Bill, you seem rather young, based on your posts. Which means you are idealistic and trusting of whatever entity agrees with you. It comes with the territory of being young it seems (didn’t used to be that way). Try this on for size: Question everything, even your own beliefs. Youth used to be really good at this. Not so much anymore.
Very nice to read the good Dr Meier’s description of their procedures. I suspect he only scratched the surface, of what people can use that data for; and I’m not going to prejudge the value of knowing.
My ex Navy contact says they know a whole bunch about that ice, that they are not about to tell anybody; which is fine with me. But he did say that on average all over the whole area about one metre thickness is about typical; that’s also about the thickest that the Navy likes to surface through unless they have to.

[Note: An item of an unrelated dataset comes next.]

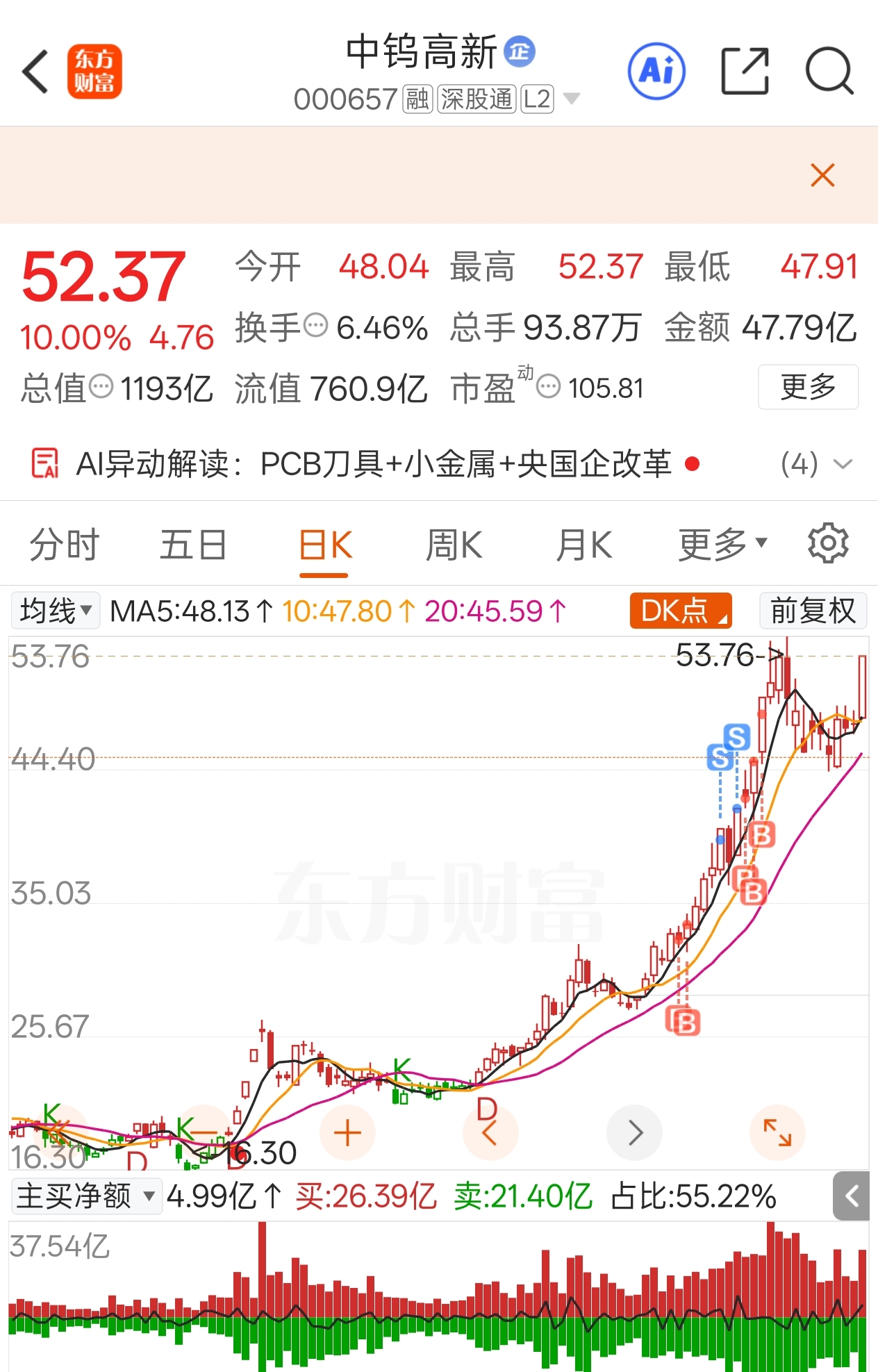 $中钨高新(SZ000657)$ 格局这么久,第二波开始了,这波看到60。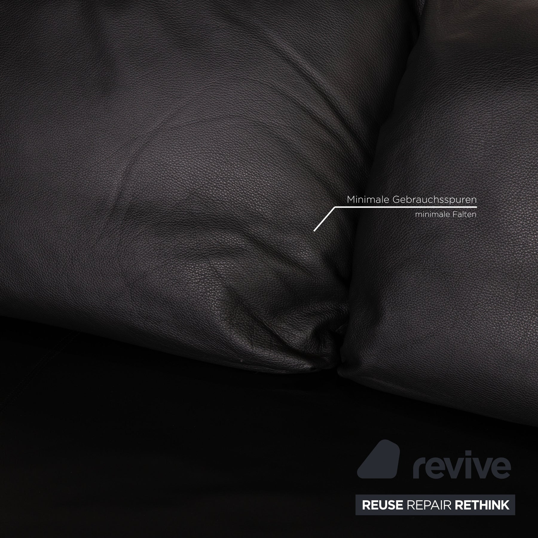 Rolf Benz 1600 leather sofa black three-seater couch function

But given how it gets moved around by wind and tide, and seas, I’m sure it cracks and buckles, and piles up into some quite thick local areas; but not like Antarctic sheets.
And when it melts each summer, the water below sucks a whole 18-20 ppm of CO2 out of the atmosphere above the arctic ocean; how cool is that.
So much for the 200 year CO2 residence time BS that the MMGWCCers try to feed us. In any case; an IR photon needs about one millisecond to escape to 300 km from the surface; so it only needs to encounter one H2O or CO2 molecule on that journey to get captured; so the GHG only needs to be there for the same one msec. So nuts to those who say they don’t count water vapor, because it is removed from the atmosphere quickly. It’s actually very slow compared to the needed one msec encounter time.
George
@Marc (16:28:35) :
You wrote: “It’s wonderful to have Dr. Walt to help clarify things. Thanks.
I did a little looking on the Kovacsice Drilling Equipment site and found this page http://www.kovacsicedrillingequipment.com/publications/ and the “Handbook for Community-Based Sea Ice Monitoring” PDF. It has the logo of the National Snow and Ice Data Center on it. It appears to show a striking difference in how sea ice is to measure and the reports from Catlin. […]”
Thanks for that link. It answered one of my questions. It looks to me that if the ice is reasonably flat top and bottom, the measurement precision appears to be about +/- 1cm and maybe a tad better than that.
Now if you carefully record the location of the hole on the arctic ice using GPS well, in three to four days you’ll have no clue where that hole went due to ice drift. Ah well.